<<<<

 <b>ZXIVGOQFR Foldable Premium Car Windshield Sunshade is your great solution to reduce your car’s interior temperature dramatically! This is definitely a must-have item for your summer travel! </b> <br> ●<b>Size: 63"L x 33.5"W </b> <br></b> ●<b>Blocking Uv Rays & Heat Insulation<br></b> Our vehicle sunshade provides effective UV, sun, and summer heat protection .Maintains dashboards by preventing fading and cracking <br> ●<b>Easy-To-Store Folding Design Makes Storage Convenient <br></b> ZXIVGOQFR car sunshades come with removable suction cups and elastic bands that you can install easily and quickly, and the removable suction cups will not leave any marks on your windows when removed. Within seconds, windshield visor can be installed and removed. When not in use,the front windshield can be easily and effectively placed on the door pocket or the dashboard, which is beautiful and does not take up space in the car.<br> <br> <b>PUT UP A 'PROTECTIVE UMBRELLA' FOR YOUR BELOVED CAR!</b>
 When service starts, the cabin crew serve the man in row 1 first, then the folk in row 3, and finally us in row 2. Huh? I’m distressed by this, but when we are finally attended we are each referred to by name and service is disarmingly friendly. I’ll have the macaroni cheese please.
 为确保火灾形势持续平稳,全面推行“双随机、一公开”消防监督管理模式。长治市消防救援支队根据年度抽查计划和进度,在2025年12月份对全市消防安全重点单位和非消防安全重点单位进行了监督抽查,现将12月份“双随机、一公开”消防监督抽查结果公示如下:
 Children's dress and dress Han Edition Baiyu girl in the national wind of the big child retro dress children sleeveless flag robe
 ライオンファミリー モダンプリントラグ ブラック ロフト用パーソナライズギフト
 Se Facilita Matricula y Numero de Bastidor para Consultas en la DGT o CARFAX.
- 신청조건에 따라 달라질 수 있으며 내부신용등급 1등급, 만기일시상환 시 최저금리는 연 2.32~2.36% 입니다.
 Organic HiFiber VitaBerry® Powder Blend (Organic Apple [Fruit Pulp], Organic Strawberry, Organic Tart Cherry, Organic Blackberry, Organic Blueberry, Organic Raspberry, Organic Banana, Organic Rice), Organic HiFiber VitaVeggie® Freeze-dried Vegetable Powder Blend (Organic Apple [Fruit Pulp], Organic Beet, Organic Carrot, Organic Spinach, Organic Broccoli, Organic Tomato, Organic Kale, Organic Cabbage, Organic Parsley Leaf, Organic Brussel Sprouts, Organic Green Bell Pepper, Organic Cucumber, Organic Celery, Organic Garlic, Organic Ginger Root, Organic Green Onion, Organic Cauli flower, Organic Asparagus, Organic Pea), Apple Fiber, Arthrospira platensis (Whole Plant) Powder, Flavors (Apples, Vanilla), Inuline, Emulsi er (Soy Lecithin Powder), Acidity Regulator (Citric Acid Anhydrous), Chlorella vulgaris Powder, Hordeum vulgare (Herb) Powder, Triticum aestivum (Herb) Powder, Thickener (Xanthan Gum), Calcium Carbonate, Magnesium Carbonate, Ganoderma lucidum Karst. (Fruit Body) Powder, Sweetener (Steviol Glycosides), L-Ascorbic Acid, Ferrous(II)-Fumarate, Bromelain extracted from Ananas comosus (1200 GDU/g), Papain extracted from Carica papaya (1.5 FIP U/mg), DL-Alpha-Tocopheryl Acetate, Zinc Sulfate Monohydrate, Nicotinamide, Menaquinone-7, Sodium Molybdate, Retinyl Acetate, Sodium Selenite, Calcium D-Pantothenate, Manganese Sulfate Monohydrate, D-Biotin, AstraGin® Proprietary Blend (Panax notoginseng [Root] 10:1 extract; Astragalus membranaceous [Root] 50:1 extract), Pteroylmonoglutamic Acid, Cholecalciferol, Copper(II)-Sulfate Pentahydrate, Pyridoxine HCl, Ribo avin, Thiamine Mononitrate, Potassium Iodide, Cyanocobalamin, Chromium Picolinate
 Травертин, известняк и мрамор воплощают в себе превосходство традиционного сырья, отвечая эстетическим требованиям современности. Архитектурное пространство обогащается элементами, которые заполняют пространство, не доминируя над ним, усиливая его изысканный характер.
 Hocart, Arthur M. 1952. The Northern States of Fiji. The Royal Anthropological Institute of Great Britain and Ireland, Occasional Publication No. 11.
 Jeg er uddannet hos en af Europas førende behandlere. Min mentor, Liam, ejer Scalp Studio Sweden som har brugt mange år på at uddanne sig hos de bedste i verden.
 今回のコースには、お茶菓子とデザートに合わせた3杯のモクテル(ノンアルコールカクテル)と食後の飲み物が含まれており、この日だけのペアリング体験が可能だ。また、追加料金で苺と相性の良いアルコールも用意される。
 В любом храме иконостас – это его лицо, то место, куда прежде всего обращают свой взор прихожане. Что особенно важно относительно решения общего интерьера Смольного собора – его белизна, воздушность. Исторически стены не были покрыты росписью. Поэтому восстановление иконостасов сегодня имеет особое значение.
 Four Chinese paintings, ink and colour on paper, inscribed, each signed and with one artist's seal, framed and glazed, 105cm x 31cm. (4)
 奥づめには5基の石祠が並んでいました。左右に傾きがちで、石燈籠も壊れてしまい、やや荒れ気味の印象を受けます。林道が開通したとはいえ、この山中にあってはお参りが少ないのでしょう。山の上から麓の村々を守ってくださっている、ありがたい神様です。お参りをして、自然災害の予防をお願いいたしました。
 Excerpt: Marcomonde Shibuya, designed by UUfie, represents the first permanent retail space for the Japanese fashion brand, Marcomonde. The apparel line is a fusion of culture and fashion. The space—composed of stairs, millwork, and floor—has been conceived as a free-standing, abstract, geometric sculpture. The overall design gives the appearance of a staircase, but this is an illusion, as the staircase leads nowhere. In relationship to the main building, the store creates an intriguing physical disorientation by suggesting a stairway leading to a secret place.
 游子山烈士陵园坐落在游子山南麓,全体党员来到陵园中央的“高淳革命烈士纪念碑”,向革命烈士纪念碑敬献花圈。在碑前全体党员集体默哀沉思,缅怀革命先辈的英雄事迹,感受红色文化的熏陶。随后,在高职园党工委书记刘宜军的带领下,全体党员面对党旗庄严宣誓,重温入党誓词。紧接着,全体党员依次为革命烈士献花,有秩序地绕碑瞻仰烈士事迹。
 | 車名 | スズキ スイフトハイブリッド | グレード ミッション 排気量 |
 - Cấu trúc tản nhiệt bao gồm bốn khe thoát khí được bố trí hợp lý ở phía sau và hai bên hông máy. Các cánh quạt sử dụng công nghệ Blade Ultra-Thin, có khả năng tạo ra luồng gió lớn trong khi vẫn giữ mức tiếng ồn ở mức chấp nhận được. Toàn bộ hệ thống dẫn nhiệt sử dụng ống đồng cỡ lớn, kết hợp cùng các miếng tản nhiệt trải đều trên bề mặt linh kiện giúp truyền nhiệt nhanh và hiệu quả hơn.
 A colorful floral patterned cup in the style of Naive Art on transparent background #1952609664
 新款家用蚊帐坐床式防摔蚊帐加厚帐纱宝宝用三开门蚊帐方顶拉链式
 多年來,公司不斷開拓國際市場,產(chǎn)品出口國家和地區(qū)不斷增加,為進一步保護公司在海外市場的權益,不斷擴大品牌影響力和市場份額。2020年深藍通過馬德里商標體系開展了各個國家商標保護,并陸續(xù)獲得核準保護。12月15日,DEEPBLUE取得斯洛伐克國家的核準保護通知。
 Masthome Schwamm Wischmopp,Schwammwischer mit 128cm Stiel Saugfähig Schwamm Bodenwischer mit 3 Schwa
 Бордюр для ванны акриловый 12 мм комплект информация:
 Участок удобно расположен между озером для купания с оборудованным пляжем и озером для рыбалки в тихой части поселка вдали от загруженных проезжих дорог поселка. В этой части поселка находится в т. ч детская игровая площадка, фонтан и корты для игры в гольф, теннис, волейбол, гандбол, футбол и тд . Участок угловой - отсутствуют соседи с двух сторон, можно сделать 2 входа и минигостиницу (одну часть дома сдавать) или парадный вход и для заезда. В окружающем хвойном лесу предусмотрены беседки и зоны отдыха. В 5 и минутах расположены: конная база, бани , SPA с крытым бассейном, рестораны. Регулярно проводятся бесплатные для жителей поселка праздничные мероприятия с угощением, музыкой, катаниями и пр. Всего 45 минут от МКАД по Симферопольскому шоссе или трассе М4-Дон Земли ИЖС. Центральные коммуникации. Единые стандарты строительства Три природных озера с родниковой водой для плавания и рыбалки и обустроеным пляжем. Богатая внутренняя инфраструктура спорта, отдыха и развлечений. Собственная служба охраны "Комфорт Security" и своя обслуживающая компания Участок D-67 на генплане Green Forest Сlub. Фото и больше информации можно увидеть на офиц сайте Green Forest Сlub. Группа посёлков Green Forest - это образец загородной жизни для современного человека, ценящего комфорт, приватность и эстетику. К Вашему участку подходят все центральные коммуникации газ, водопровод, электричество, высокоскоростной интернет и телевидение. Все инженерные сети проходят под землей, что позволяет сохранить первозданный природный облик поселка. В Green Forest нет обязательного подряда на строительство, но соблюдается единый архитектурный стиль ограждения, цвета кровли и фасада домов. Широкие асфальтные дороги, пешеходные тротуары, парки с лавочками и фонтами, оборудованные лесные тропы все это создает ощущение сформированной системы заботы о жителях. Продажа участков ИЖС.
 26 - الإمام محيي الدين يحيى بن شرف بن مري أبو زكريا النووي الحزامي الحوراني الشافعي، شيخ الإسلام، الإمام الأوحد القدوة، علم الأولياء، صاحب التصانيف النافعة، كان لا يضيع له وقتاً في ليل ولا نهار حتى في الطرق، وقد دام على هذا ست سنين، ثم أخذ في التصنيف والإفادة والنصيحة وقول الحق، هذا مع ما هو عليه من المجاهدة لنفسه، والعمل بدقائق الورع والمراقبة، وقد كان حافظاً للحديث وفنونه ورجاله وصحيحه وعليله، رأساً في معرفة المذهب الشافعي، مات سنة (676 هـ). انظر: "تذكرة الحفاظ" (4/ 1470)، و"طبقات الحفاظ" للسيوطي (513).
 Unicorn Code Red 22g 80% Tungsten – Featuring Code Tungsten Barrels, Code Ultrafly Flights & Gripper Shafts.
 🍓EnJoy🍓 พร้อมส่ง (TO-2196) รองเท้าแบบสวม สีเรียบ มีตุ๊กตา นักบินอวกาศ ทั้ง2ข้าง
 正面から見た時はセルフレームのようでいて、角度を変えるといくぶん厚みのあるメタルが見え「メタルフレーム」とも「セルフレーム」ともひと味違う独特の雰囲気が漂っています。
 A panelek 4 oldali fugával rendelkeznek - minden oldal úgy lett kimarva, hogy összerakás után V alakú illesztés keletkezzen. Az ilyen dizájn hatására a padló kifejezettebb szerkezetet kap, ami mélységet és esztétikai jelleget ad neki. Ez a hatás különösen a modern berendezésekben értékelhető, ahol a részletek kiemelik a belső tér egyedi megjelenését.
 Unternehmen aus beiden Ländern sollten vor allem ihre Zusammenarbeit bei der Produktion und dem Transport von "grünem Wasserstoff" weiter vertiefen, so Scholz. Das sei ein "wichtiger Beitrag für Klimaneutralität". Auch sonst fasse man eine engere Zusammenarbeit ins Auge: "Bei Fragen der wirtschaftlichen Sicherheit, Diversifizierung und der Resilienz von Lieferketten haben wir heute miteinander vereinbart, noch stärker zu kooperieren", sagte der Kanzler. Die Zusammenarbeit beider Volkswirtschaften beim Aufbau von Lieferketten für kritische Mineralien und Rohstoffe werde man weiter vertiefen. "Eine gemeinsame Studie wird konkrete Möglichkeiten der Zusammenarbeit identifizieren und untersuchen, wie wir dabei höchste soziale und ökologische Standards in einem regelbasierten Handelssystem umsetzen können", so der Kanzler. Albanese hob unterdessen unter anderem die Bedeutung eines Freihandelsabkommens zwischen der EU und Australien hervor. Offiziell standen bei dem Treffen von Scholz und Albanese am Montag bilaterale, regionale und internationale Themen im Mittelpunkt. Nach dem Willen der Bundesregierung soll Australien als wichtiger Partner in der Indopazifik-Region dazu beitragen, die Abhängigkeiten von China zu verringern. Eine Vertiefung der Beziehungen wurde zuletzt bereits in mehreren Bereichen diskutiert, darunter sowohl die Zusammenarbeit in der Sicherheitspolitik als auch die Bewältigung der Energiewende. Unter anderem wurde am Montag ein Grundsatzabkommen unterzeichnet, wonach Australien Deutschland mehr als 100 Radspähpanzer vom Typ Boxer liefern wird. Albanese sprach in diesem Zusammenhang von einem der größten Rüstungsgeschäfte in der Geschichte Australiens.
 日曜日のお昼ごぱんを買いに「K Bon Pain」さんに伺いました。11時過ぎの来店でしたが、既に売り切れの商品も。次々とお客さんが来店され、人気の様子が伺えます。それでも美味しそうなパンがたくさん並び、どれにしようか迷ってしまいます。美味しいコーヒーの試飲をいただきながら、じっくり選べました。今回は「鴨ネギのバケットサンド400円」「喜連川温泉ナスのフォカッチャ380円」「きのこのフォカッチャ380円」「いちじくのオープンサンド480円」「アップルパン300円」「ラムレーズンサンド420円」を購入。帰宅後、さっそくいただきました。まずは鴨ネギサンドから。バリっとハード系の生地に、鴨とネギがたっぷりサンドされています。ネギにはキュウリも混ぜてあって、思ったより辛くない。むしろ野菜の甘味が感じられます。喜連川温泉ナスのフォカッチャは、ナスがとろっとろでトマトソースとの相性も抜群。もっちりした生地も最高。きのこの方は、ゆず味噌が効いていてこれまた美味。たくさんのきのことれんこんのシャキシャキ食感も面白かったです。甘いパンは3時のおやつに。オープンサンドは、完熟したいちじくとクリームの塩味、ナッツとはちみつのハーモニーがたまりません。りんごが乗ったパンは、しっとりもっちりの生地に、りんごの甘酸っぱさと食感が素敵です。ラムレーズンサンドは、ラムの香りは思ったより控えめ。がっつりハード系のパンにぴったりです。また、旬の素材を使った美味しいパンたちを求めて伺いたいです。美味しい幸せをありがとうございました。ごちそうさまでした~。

>>>>

#### TASK DETAILS:
Could you reproduce, exactly, every line above from the line with "今回のコースには、お茶菓子と" to the line with "В любом храме", and no other line? Both ends count.

#### TASK RESULT:
 今回のコースには、お茶菓子とデザートに合わせた3杯のモクテル(ノンアルコールカクテル)と食後の飲み物が含まれており、この日だけのペアリング体験が可能だ。また、追加料金で苺と相性の良いアルコールも用意される。
 В любом храме иконостас – это его лицо, то место, куда прежде всего обращают свой взор прихожане. Что особенно важно относительно решения общего интерьера Смольного собора – его белизна, воздушность. Исторически стены не были покрыты росписью. Поэтому восстановление иконостасов сегодня имеет особое значение.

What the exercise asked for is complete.